Many other scenarios can lead to multiple URLs for the same page. For instance, a page may have several named anchors, such as:
  • http://www.example.com/mypage.html#heading1
  • http://www.example.com/mypage.html#heading2
  • http://www.example.com/mypage.html#heading3
And dynamically generated pages often can be reached by multiple URLs, such as:
  • http://www.example.com/furniture?type=chair&brand=123
  • http://www.example.com/hotbuys?type=chair&brand=123
As you can see, when you consider that each page on your site might have multiple URLs that lead to it, the number of URLs that Googlebot crawls can be considerably higher than the number of total pages for your site.

Of course, you (and we) only want one version of the URL to be returned in the search results.
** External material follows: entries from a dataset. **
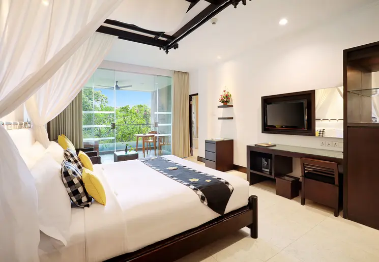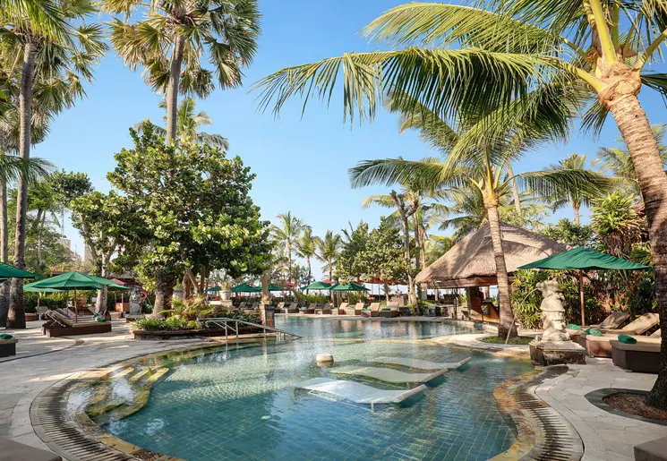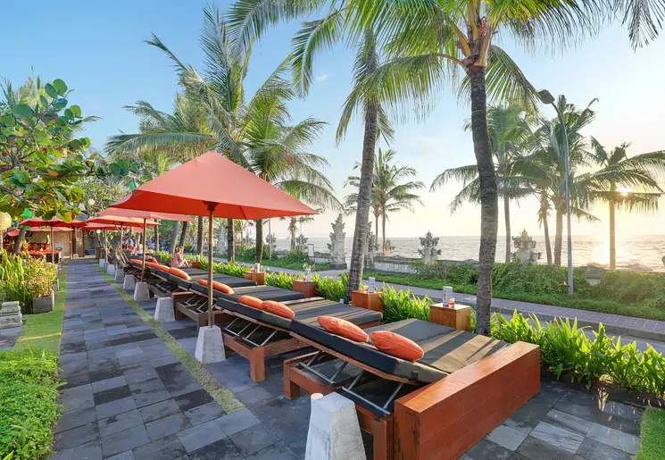 Prachtige traditionele bungalows met rieten daken en een moderne inrichting. Gelegen in een weelderige tropische tuin. De bungalows hebben allemaal een privé-terras. Hotel Legian Beach is een goed familiehotel, slechts door een wandelpad van het witte zandstrand gescheiden.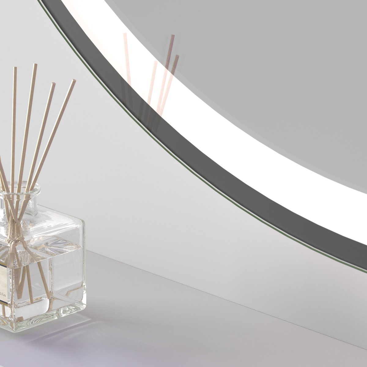 Su iluminación CCT (Temperatura de Color Correlacionada) combina retroiluminación ambiental perimetral con luz frontal emitida a través de vidrio arenado, creando un efecto envolvente que transforma el ambiente con calidez y personalidad. Ideal para baños o espacios que buscan un toque original y sofisticado.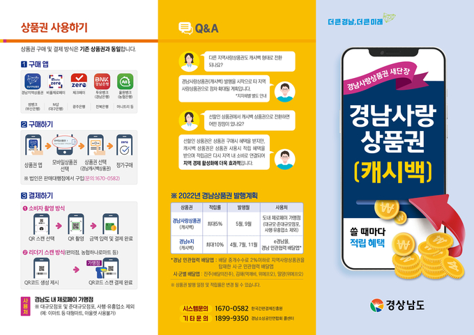 도는 경남사랑상품권을 선할인에서 캐시백형으로 전환 발행함에 따라 각종 홍보매체를 통해 집중 홍보를 실시하고 있으며, 경상남도소상공인연합회와 협력하여 경남사랑상품권 캐시백형 출시 기념 OX 퀴즈 이벤트도 함께 진행한다.

Not to worry -- this is exactly what happens. Our algorithms selects a version to include, and you can provide input on this selection process.

Redirect to the preferred version of the URL
You can do this using 301 (permanent) redirect. In the first example that shows four URLs that point to a site's home page, you may want to redirect index.html to www.example.com/. And you may want to redirect example.com to www.example.com so that any URLs that begin with one version are redirected to the other version. Note that you can do this latter redirect with the Preferred Domain feature in webmaster tools. (If you also use a 301 redirect, make sure that this redirect matches what you set for the preferred domain.)

Block the non-preferred versions of a URL with a robots.txt file
For dynamically generated pages, you may want to block the non-preferred version using pattern matching in your robots.txt file. (Note that not all search engines support pattern matching, so check the guidelines for each search engine bot you're interested in.) For instance, in the third example that shows two URLs that point to a page about the chairs available from brand 123, the "hotbuys" section rotates periodically and the content is always available from a primary and permanent location. If that case, you may want to index the first version, and block the "hotbuys" version. To do this, add the following to your robots.txt file:

User-agent: Googlebot
Disallow: /hotbuys?*

To ensure that this directive will actually block and allow what you intend, use the robots.txt analysis tool in webmaster tools. Just add this directive to the robots.txt section on that page, list the URLs you want to check in the "Test URLs" section and click the Check button. For this example, you'd see a result like this:

Don't worry about links to anchors, because while Googlebot will crawl each link, our algorithms will index the URL without the anchor.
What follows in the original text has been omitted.